Supporters and opponents of Syrian President Bashar Assad in Tripoli, north Lebanon, have been engaged in on-and-off fighting that has claimed the lives of many Lebanese.
The military seized control of Assir’s complex after a two-day battle June 23-24 that left at least 18 soldiers and 28 Assir fighters killed.
Assir had been a staunch critic of Hezbollah and the resistance group’s military involvement in neighboring Syria.
The bishops condemned the intervention in the Syria violence by any Lebanese group.
The bishops also slammed parliamentarians for failing to approve a new voting system to govern this year’s parliamentary elections.

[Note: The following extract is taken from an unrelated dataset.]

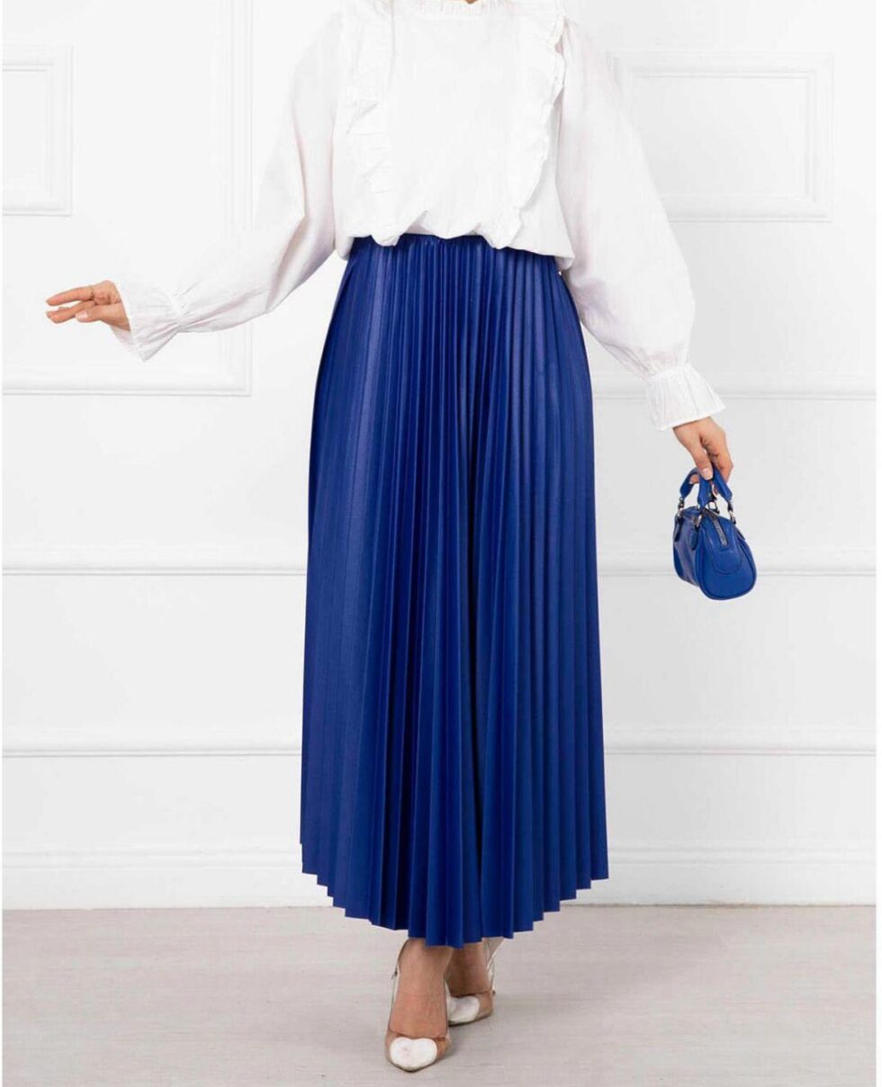Genç ve dinamik tarzınızı yansıtan, vizon rengindeki düz desenli ince piliseli etek ile gün boyu rahatlığınızdan ödün vermeyin.

“Parliament’s inability to approve a new election law and covering this failure by extending [Parliament’s term] is unjustified, unconvincing and contrary to the Constitution.”

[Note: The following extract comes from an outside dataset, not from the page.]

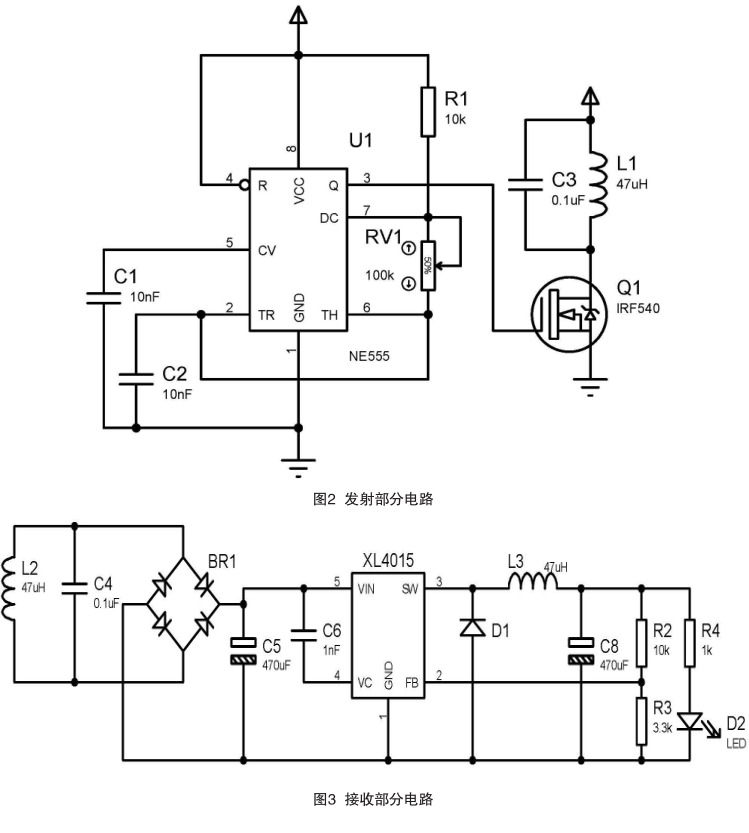 信號發生器電路設計 為了更好地給無線傳輸提供諧振源,信號發生器電路可以選用多種方式制作:DDS芯片、單片機信號、集成芯片NE555。系統選用電路結構較為簡單的NE555電路形成。NE555555定時器可使用于單穩態觸發器、無穩態觸發器、雙穩態觸發器。 本設計中,NE555工作在無穩態觸發器模式下,NE555的第1引腳(GND)接地,第2引腳(TRIG)接第6引腳(THR),第3引腳為信號輸出引腳,第4引腳(RST)接電源VCC,第5引腳(CTRL)通過1個瓷片電容接地,第7引腳(DIS)與第6引腳間接1個100kΩ可調電阻,第8引腳(VCC)接電源VCC。 驅動電路設計 驅動電路可選擇三極管或者MOS管做為驅動LC發送電路的元器件。三極管用電流控制型IC芯片,且耗損大,而MOS管屬于電壓控制型IC芯片,MOS管耗損較小,常用來電源開關,以及大電流地方開關電路。因此,系統采取MOS管進行驅動LC發送電路。 2.3LC發送與LC接收電路設計 為了促使LC發送電路與LC接收電路諧振頻率一致,發送和接收選用一致的電路,本系統選用電感L與電容C并聯的方式連接。結合各方面考慮,電感L電感量選擇47μH,電容C容量選擇0.1μF。發送和接收電容兩端電壓較高,電容選擇630V/104CBB電容。 整流濾波電路設計 整流電路可選擇半波整流或全波整流。半波整流電路結構比較簡單,只需一個二極管就可以整流,但交流電的正半周期有電流輸出,負半周期沒有電流輸出,這樣效率低;全波整流需4個二極管交替工作,整個周期都有電流輸出,這樣效率高。故本系統選用效率高的全波整流電路進行設計。此外,為了使整流后脈動的波形變得平滑穩定,整流后需增加濾波電容。 穩壓濾波電路設計 穩壓電路可采取線性穩壓電路或開關穩壓電路,線性穩壓電路的優點輸出電壓穩定、紋波小,但其轉換效率偏低。故本系統選擇效率較高的開關電源電路,選擇XL4015降壓型開關穩壓電路。 總體電路設計 依據上述分析并結合電路參數的選擇,發送部分電路如圖2所示,接收部分電路如圖3所示。

The statement also criticized the boycotting of the Constitutional Council meetings which led to the lack of the required quorum to act on petitions challenging the extension.
The bishops also pointed to the deteriorating socio-economic crisis in the country and asked: “What is the use of political action if it does not provide the public good?”

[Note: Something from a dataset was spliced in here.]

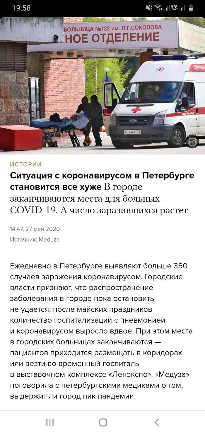 Народ ! я устал всем писать индивидуально , напишу тут . на работе нас высадили на самоизоляцию в конце марта , и 6-го мая вывели на работу в полном объёме . 2-го мая я затемпературил , температура 38.5-38.2 , кашля не было есть не хотел , почти всё время лежал . 6-го мая надо на работу , а температура не спала , вызвал врача (по дмс) , он дал больничный ... по давлению , ибо температуры не обнаружил . 10-го мая явка в поликлинику . пришёл , говорю стало болеть тут и тут (в области лёгких) , меня на рентген , диагноз - пневмония , и под вопросом двусторонняя . врач вызвала скорую , я попросился домой - собрать вещи , она сказала : "родственники привезут" . приехала скорая , отвезла на компьютерную томографию лёгких - двусторонняя пневмония с поражением 13 % лёгких . отвезли в ленэкспо .

Regarding the Syria crisis, the statement called on the Arab and international communities as well as the Syrians themselves to “adopt a political solution and sit at the negotiating table to bring about a just and comprehensive peace.”
They expressed concerns over the rising number of Syrian refugees in Lebanon “which have become a burden” on the Lebanese government, urging Arab and world countries for assistance.